Continuing the Education for Consumers on Barrel-aged Products

‘Basking in Bourbon’ Barrel-Aged Imperial Stout is the fourth beer produced from Saranac Brewery‘s barrel-aging program. Before this, Pilot Brewer Scott Grenier said the New York brewery made two barrel-aged Scotch Ales and an Imperial Porter aged in Rye Whiskey barrels.

“For this beer, we wanted something bigger than anything we had done before and a beer that we could lay down and re-release after aging,” he said.

At the end of the day, the more the consumer knows about the beer they are drinking, the better off Grenier and his brewers are when it comes time to create and sell new products, he said.

“Education gives us the chance to try new recipes and put out products that might otherwise be confusing or unfamiliar,” he said. “With barrel-aged beer in particular, many consumers are familiar with the styles and are vocal about what they want to see in a barrel-aged offering.

“Ten years ago, we were trying to convince the craft consumer that a barrel-aged Stout tastes good and is worth the increased cost … we are now trying to convince the same consumer that not every barrel-aged offering should include coffee, maple, and other flavorings. The educated beer consumer is both harder to appease and more willing to try new things.”

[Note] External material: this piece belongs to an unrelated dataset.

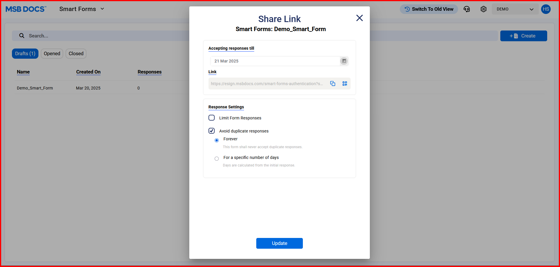 Admin/Custodian users will be able to generate a public link or a scannable QR code for the form template and copy and share the link. User can set an expiry date of the link after which the form will not be accessible using the link. When the signer clicks on the smart form public link, they will be redirected to the form.

The recipe for the beer was developed within the brewery’s pilot brewhouse. A unique feature of of the beer that Grenier pointed out was that it was made entirely from the first runnings of two separate mashes.

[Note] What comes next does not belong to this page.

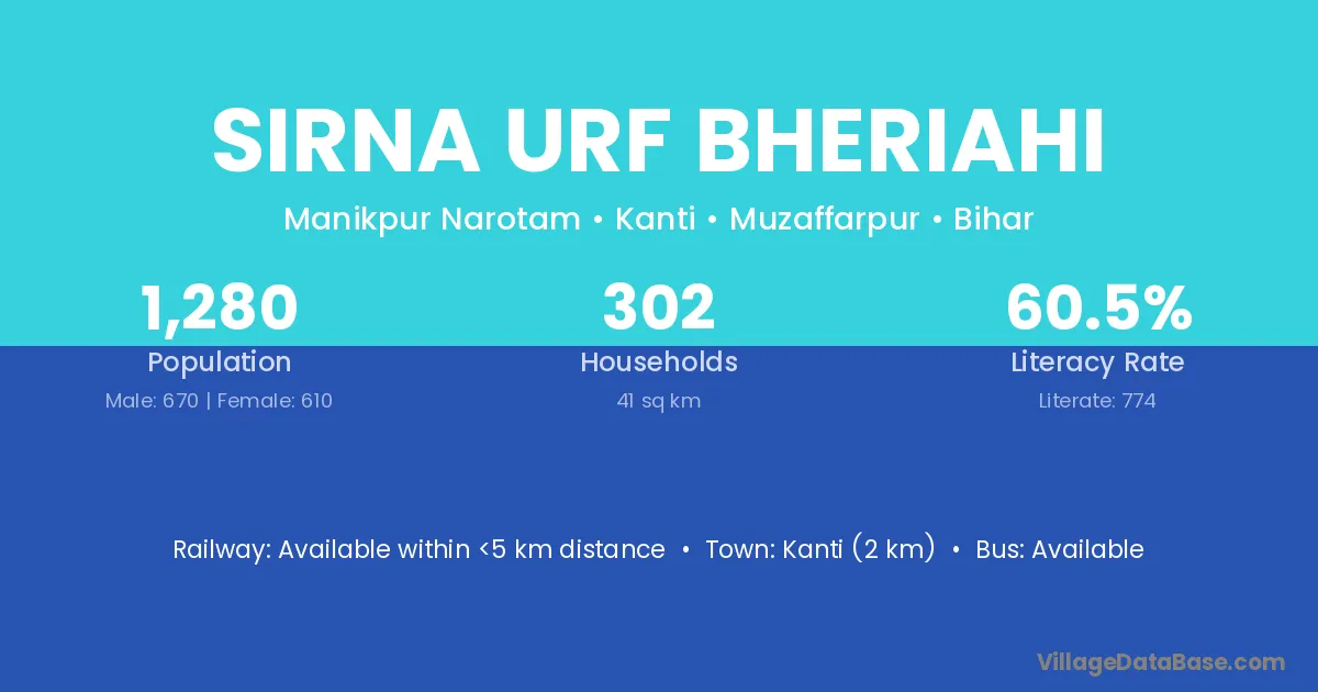 Kanti (2 km) is the nearest town to Sirna Urf Bheriahi village for major economic activities and is located approximately 2 km away.

In a newsletter the brewery sent out to subscribers on December 7, 2017, a chart was added to the information about the re-release of Basking in Bourbon.

“While the chart isn’t perfect, it at least shows the consumer some of the changes that happens to beer as it ages,” Grenier said. “Obviously, not all beer should be aged and not all aged beer ends up tasting like cardboard, but it is important to know that aging beer is trade off; you lose some good flavors and develop better ones.”